> PROBLEM DETAILS:
Would you please transcribe the listing exactly, with no images?

> DATA SECTION:
⟨

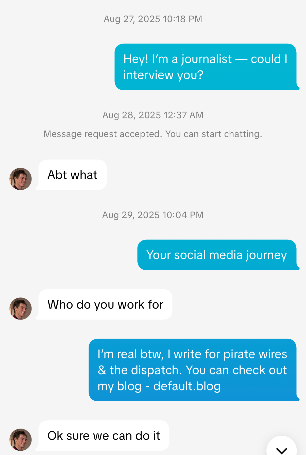 Anyway, naturally, I’ve been kicking myself every single day for fumbling an interview with Clavicular — well before he blew up. He was willing to talk! We took it to email! And then I was the flake, he got huge, and now, I, too, am just a random jester trying to clout vampire him. Trust your gut, folks, or you may live to regret it.
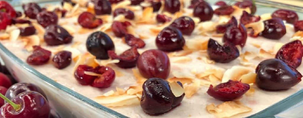 Καλοκαιρινό γιαουρτογλυκό με ψητά κεράσια και καρύδα
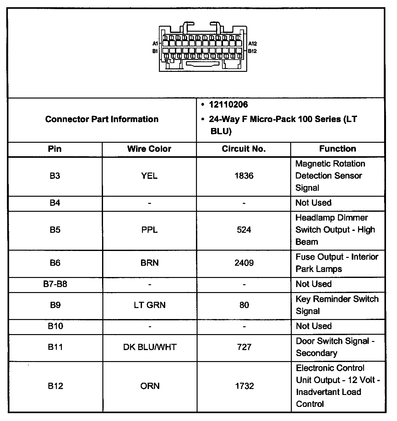 Body Control Module Connector C2 (Pin B3 - B12):

⟩

> WRITTEN SOLUTION:
 Anyway, naturally, I’ve been kicking myself every single day for fumbling an interview with Clavicular — well before he blew up. He was willing to talk! We took it to email! And then I was the flake, he got huge, and now, I, too, am just a random jester trying to clout vampire him. Trust your gut, folks, or you may live to regret it.
 Καλοκαιρινό γιαουρτογλυκό με ψητά κεράσια και καρύδα
 Body Control Module Connector C2 (Pin B3 - B12):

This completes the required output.